What does it mean to Securely Share Data?

Secure data sharing is a technique that enables data owners to share their data resources in a secure and controlled way with data consumers. Secure sharing for real-time data streams involves the following aspects:

  • Data privacy: ensuring that the data streams are protected from unauthorized access, disclosure, and modification, and that the data owners have control over who can access their data and for what purpose.
  • Data access: ensuring that the data streams are available, accessible, and usable for the intended data consumers, and that the data sharing is scalable, efficient, and cost-effective.
  • Data auditing: ensuring that the usage and sharing of data streams is transparent, accountable, and auditable.

Secure data sharing improves both data collaboration and data innovation. With secure data sharing, data owners and consumers can safely exchange real-time data and insights, encouraging cross team collaboration and extracting more value out of the otherwise siloed data.

Current State of Sharing Streaming Data

Managing data authorization is one of the most common ways to securely share real-time streaming data. Let’s consider Apache Kafka for example, the most popular real-time event streaming storage systems. Data events in Kafka are organized into topics, and access to these topics is managed through Access Control Lists (ACLs). However, at scale, ACLs are difficult to manage and prone to mistakes.

To process real-time streaming data, users often look towards stream processing frameworks like Flink. ACLs would need to be configured in the streaming store to allow the Flink job to read from and write to topics. Then, to share the topic containing the processed data with other users, the ACL needs further additions. There are many streaming and stream processing technologies that make up a streaming data ecosystem, and all of these systems put stress on the ACLs used to control access to data streams

In order to overcome these challenges, there needs to be a data platform that can manage data processing, access control, and data sharing capabilities at a higher level.

Best Practices for Securely Sharing Streaming Data

There are two main types of data sharing that data platforms should support – internal data sharing and 3rd party data sharing.

Internal Data Sharing

Internal data sharing refers to the process of making data accessible for other users, teams, or applications, within an organization. Secure internal data sharing capabilities play along nicely with data meshes, where data owners can be any user or team within an organization. These data owners have the capability of authorizing who has access to data, and determining what access permissions each party has.

One of the common ways we see popular data systems, such as Snowflake, provide internal data sharing capabilities is through Role-Based Access Control (RBAC). RBAC is scalable and easy to understand, making it an effective tool for controlling access to data. While access to streaming data has typically been defined with ACLs, an RBAC-based approach would address the scalability issues seen in streaming storage systems today. A data platform that sits on top of streaming storage systems, such as Kafka, and provides an RBAC interface for managing access to the underlying Kafka topics would provide a much more intuitive access control experience for real-time data users.

3rd Party Data Sharing

3rd party data sharing refers to the process of making data accessible for parties outside of an organization. This enables organizations to collaborate with other organizations without giving them access to their data ecosystem directly. In the current streaming landscape, this kind of data sharing is not natively supported. For instance, only internal data sharing is allowed in Kafka, through ACLs.
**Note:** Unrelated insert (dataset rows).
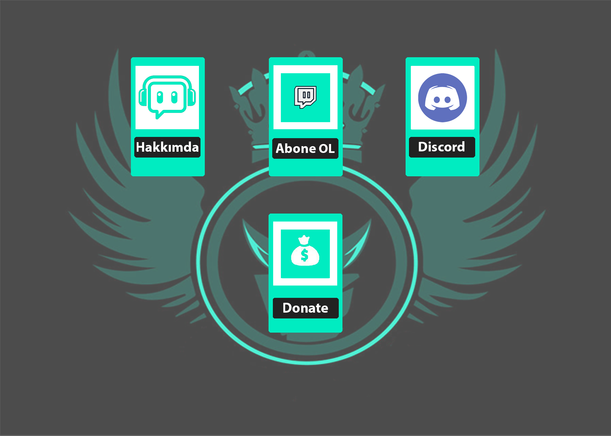 Bu tarz bir şey yapılabilir. Arkaplandaki logoyu şuan öylesine koydum örnek olması için. Logo yapılabilir ve bu şekilde ufak saydamlıklar eklenebilir. Bir de panel altındaki Discord, Abone Ol v.s var. Onlara da bu ekleyeceğiniz arkadaki şeffaflaştırılmış logoyu yan tarafına koyabilirsiniz yazıların veya herhangi bir yerine size kalmış.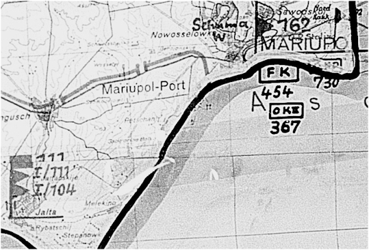 СКА-0412 и БКА-114 и 124 обстреляли Мариуполь. Погодные условия: слабый восточный ветер, с порывами до 2-3 баллов (NARA T1022-2530-00072).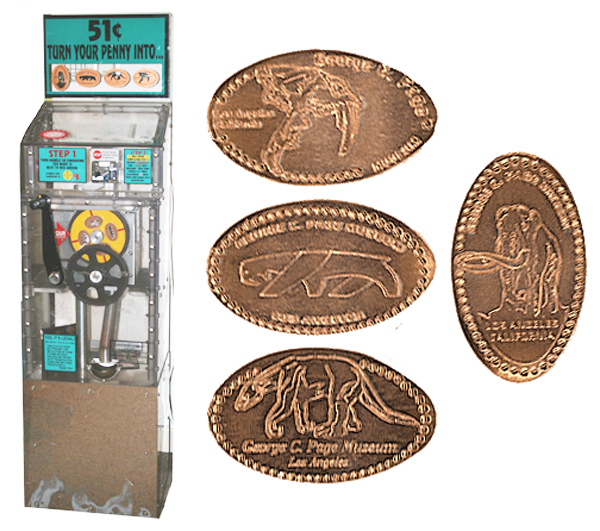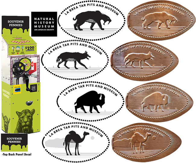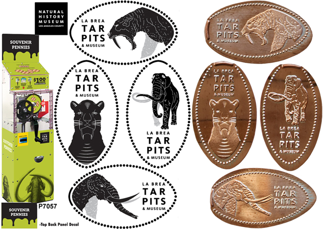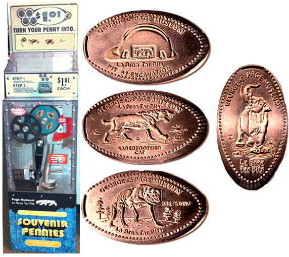 Machine 6 (Placed 11/2017) is near the restrooms, just before the 3D theaters. Cost to press: $1.00 for each design on pre-loaded zinc pennies. Designs all with 'La Brea Tar Pits and Museum':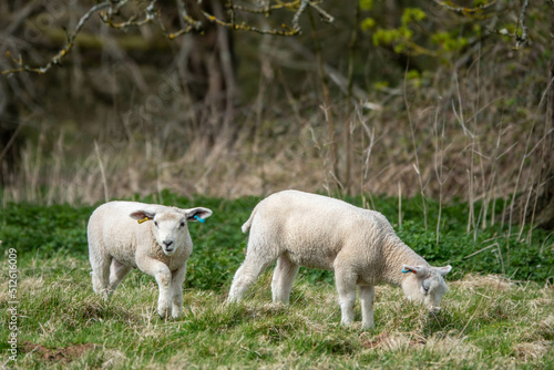 cute lambs in the meadow on a spring day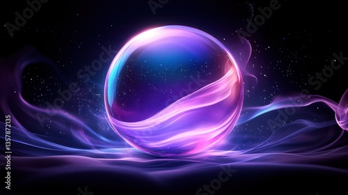 Luminous Orb Amidst Cosmic Purple Nebula Swirls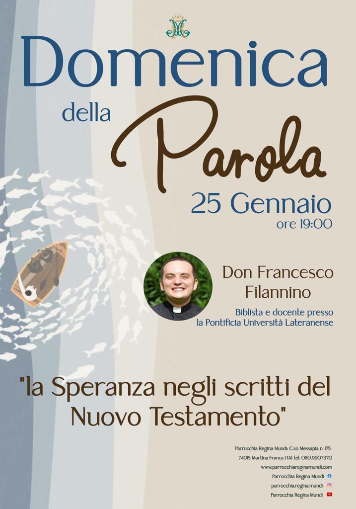 Per la ‘Domenica della parola’, questa domenica, 25 gennaio, alla parrocchia regina Mundi di Martina Franca, alle ore 19, don Francesco Filannino, biblista e docente alla Pontificia Università Lateranense, relazionerà sul tema ‘La speranza negli scritti del Nuovo Testamento’.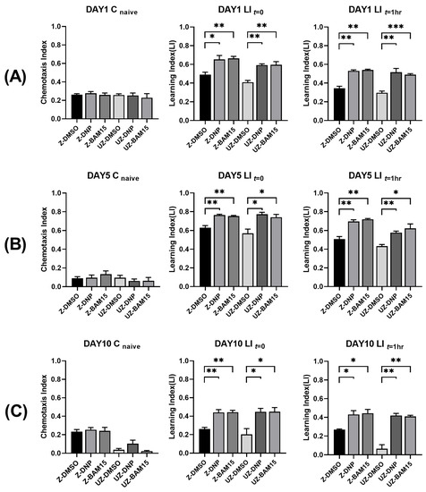 BAM15 retains learning ability and short-term memory in aged C. elegans. (A–C) Naive Chemotaxis Index (CI) and Learning Index (LI) in zdIs5 and ucp-4;zdIs5 treated with 10 µM DNP and 50 µM BAM15 on Day 1 (A), Day 5 (B), and Day 10 (C). t = 0, right after the training; t = 1 h, 1 h after the training. Z-DMSO—DMSO control in zdIs5; Z-DNP—10 µM DNP treatment in zdIs5; Z-BAM15—50 µM BAM15 treatment in zdIs5; UZ-DMSO—ucp-4;zdIs5 treated with DMSO; UZ-DNP—ucp-4;zdIs5 treated with 10 µM DNP; UZ-BAM15—ucp-4;zdIs5 treated with 50 µM BAM15. Data are represented as means of three independent experiments. Error bars represent the SEM. n = 150~300 worms per treatment in each experiment. * p < 0.05, ** p < 0.01, *** p < 0.001. Unpaired Student’s t-tests were performed to compare the DMSO control and treatments.
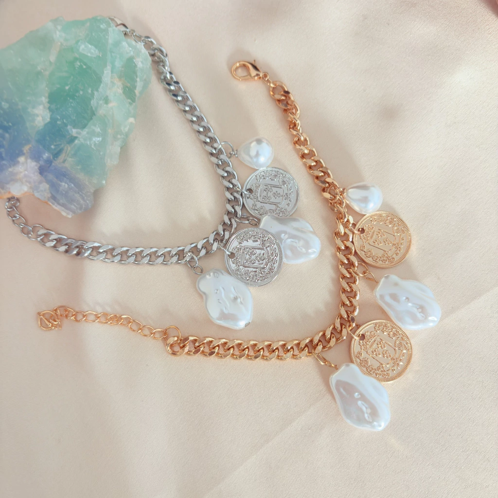 Esta pulseira de metal com pingentes de moeda e pérola é a escolha ideal para quem adora acessórios com personalidade, brilho e movimento. Cada pingente foi delicadamente posicionado para criar um balanço leve e gracioso ao caminhar, transformando a peça em um detalhe encantador no pulso.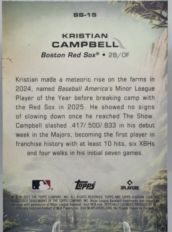 2025 Topps Stadium Club Savage Sluggers #SS-15 Kristian Campbell (RC)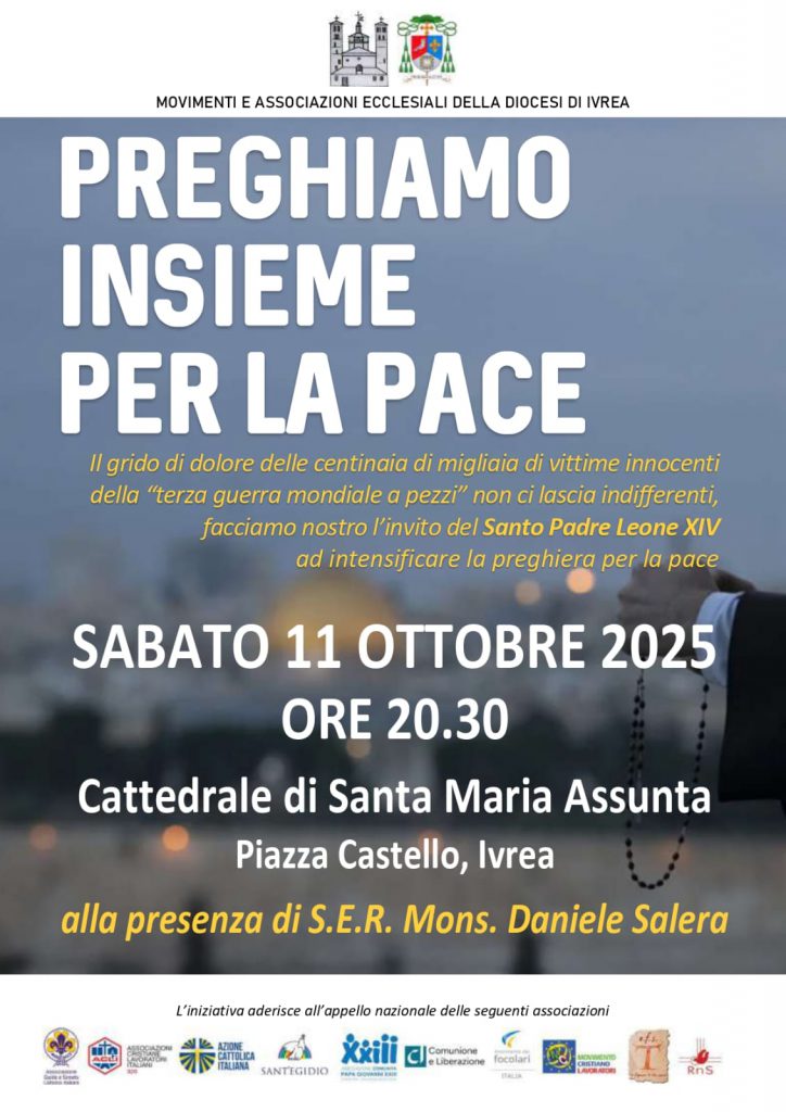 In un tempo dove si moltiplicano i conflitti armati e si palesa sempre più essere in corso quella che Papa Francesco definì “la terza guerra mondiale a pezzi”, movimenti e associazioni ecclesiali della Diocesi di Ivrea aderiscono all’iniziativa Nazionale organizzando una serata di preghiera per la pace.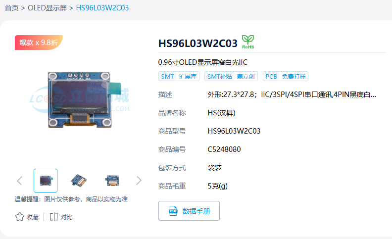 | 4 | 1 | 13.14 | U1 | OLED-TH_L27.8-W27.2-P2.54_C9900033791 | HS96L03W2C03 | HS(汉昇) | C5248080 |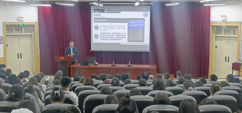 报告中,李志忠教授围绕提取纯化氯化血红素、对牦牛血液资源化利用、提升牦牛产品的附加值等方面,介绍了牦牛作为高原珍稀动物之一,常年生存在高海拔缺氧的雪线边缘,进化过程赋予了牦牛独特的血液代谢功能。针对我国牦牛血液综合利用和高值化利用滞后、产品纯度低等问题,运用超声波破碎技术、酶解技术、膜分离和层析技术等现代高新生物技术对牦牛血液资源的高附加值生物转化进行集成与产品研发,制备出氯化血红素产品,筛选出具有ACE抑制活性较好的小肽。学术报告会后,李志忠教授为师生分享了自己读书的感悟,指出“读书是一辈子的事”,鼓励师生“为目标多读书、为生命读好书、为健康好读书、为财富慧读书、为真善读出美”,激励生科学子坚定专业自信,学好生命科学,助力生命健康。

Using Snowflake as an example, they enable secure 3rd party data sharing through the concept of shares, allowing data objects in a Snowflake organization to be made shareable for other Snowflake organizations. The data providers in this case can specify which accounts can consume from these data objects. This is just one example out of many possible ways to implement 3rd party sharing. Providing such functionality for streaming data would unlock opportunities for organizations to collaborate with real-time streaming data as well.

Conclusion

Secure sharing for real-time data streams improves data accessibility and enhances collaboration with real-time analytics, while enabling teams to maintain the privacy of their data assets. However, the data sharing capabilities in the current state of real-time streaming data are not up to par with the capabilities seen in the batch world for at-rest data. 

DeltaStream is a stream processing data platform that aims to provide an intuitive way to share streaming data, both internally and with 3rd parties. At DeltaStream, we use RBAC as the approach for access control and provide capabilities for sharing data between organizations. Data Governance and secure data sharing are essential for providing an easy-to-use data ecosystem that allows users to focus on their data products. If you are interested in learning more about DeltaStream, reach out to us for a demo or sign up for a free trial.

24 Jan 2024

Min Read

The Importance of Data Unification in Real-Time Stream Processing

In our previous blog post, Streaming Data Governance in DeltaStream, we discussed what Data Governance is, why it’s important, and how it works hand-in-hand with Data Unification in the context of real-time streaming data. In this blog, we’ll dive deeper into the concept of Data Unification.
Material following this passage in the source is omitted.